Manufacturing chemical intermediates for advanced applications brings oversight. Governments around the world increase scrutiny, especially for intermediates feeding into regulated APIs or high-tech applications. Our team works closely with compliance auditors—from internal inspectors monitoring SOPs and documentation, to outside agencies reviewing process traceability, hazard controls, and final batch release. Our site supports regular audits and documentation requests, allowing inspectors real insight into actual production routines.

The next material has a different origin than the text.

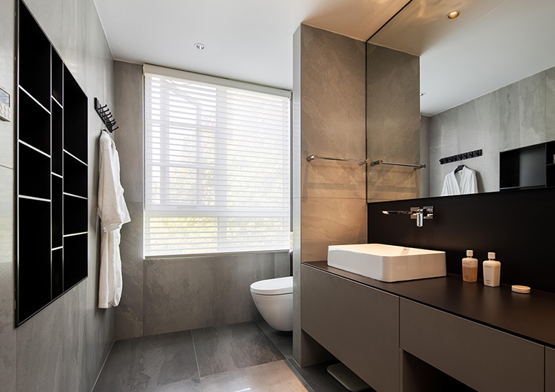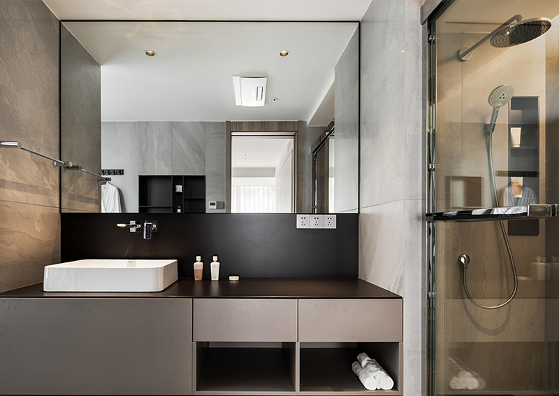 墻壁嵌入深色壁龕與衛浴柜呼應,

Some customers require detailed documentation trails showing not only the current analytical profile, but also archived data and deviation records from prior batches. This degree of openness comes from a culture built around in-house manufacturing and data retention, not just short-term trading. Our response to new regulatory requirements has always involved direct staff retraining and frequent updates to batch release protocols. A robust documentation system supports consistent shipments, regulatory filings, and rapid responses to compliance questions.

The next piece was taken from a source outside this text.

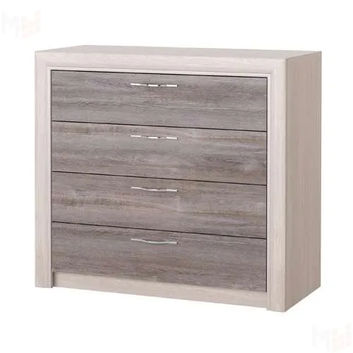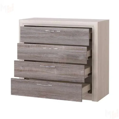 Комод 4Я "Октава" с 4-мя ящиками на шариковых направляющих полного выдвижения. Устанавливается стильная металлическая ручка, декор "тёмный никель". Периметр комода обрамлён профилем MDF оригинальной формы с патиной (окраской фасок) серебристого цвета.

Environmental impact weighs more each year. In our plant, reducing waste from chlorination and solvent-handling operations has resulted in routine process audits for energy and material efficiency. We collect and treat off-gas streams from chlorination, and recover usable solvents for isolation and drying stages. Our engineering team mapped out options for minimizing water usage during plant wash-downs, especially in sensitive crystallization suites.
Technician safety guides every procedure. We reinforce use of dedicated PPE, layout of emergency access points, and updated routines for transferring high-potency intermediates. Every process revision brings hands-on staff training and walk-throughs, critiqued by actual end users and safety officers. The reality of making advanced chemical intermediates means staying open to better approaches without disrupting reliable deliveries.

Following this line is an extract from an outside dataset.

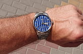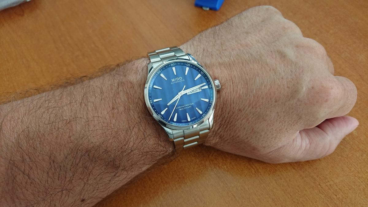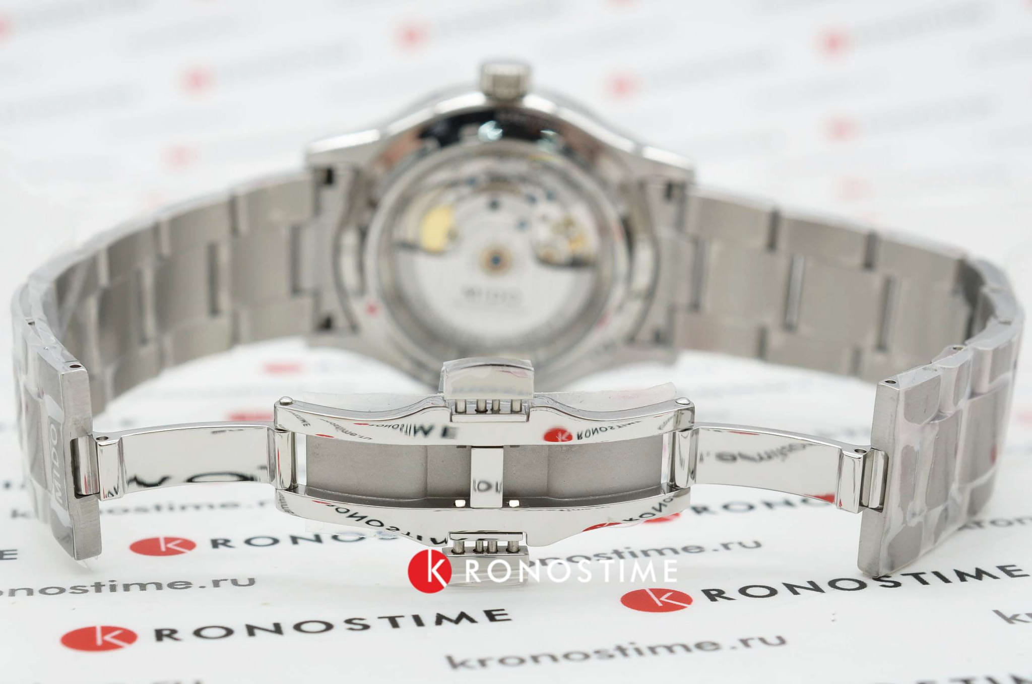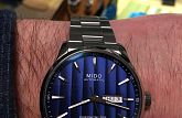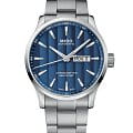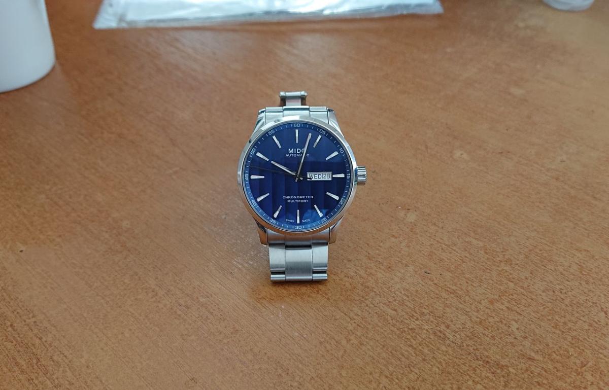 Часы MIDO Multifort Chronometer 1 (артикул M038.431.11.041.00) сочетают элегантный дизайн и высокую точность, сертифицированную COSCСертификат COSCОфициальный сертификат, подтверждающий то, что часы ходят с особо высокой точностью. Для получения документа часы подвергаются тестовым испытаниям, разработанным швейцарским институтом тестирования хронометров COSC. Допустимая норма для механических часов -4/+6 секунд в день, для кварцевых моделей +/- 0,07 секунд в день.. Корпус диаметром 42 мм выполнен из нержавеющей стали с водозащитой до 10 бар (100 метров). Прозрачная задняя крышка подчёркивает изысканный механизм. Синий циферблат с узором «Côtes de Genève» оснащён накладными часовыми метками и стрелками с покрытием Super-LumiNova®Люминесцентное покрытиеПозволяет считывать показания времени в темноте. Производители наносят на стрелки, часовые индексы, безель или поверхность циферблата светонакопительный состав, дающий холодное свечение.. Окошки даты и дня недели расположены в положении «3 часа». Циферблат защищён сапфировым стекломСапфировое стеклоПрочный и надёжный материал из кристалла сапфира синтетического происхождения, характеризующийся особой твёрдостью и устойчивостью к царапинам и повреждениям. с двусторонним антибликовым покрытием.

Solutions rarely come from external review alone. Our decades of experience show that hands-on corrective action beats remote troubleshooting. Each new customer requirement feeds a cycle of incremental plant upgrades, staff education, and procedural fine-tuning. Rather than waiting for a crisis to trigger revision, our team tracks trends across all delivered batches, watching both analytics and anecdotal feedback. Production issues get logged immediately, allowing lean updates without slowing essential shipments. Outdated approaches are scrapped after lessons from rejected lots or customer complaints.
Collaborating with local universities and industry alliances brings fresh perspectives—sometimes helping us adopt not just new technologies but new approaches to plant management and risk mitigation. We’ve built in real capacity for customer-driven modification, delivering material that fits evolving research and development needs. By running real-world trials and scaling up successful process tweaks, we support researchers and manufacturers building the next wave of medicinals, materials, and specialty chemicals.
5-chloro-1,2-dihydro-4-methoxy-2-oxo-3-pyridinecarbonitrile rests at a busy crossroads between discovery chemistry and industrial-scale manufacturing. As more research groups build out compounds for next-generation therapies or sensors, the demand for high-quality intermediates backed by real-world manufacturing know-how continues to grow. Our team remains committed to refining synthesis, analytical, and support processes, anticipating where changing regulations and end uses might take us. A hands-on approach, shaped by customer experience and in-house expertise, keeps all parts of the operation grounded in reality—ready to respond to new requirements as they emerge from the front lines of science and industry.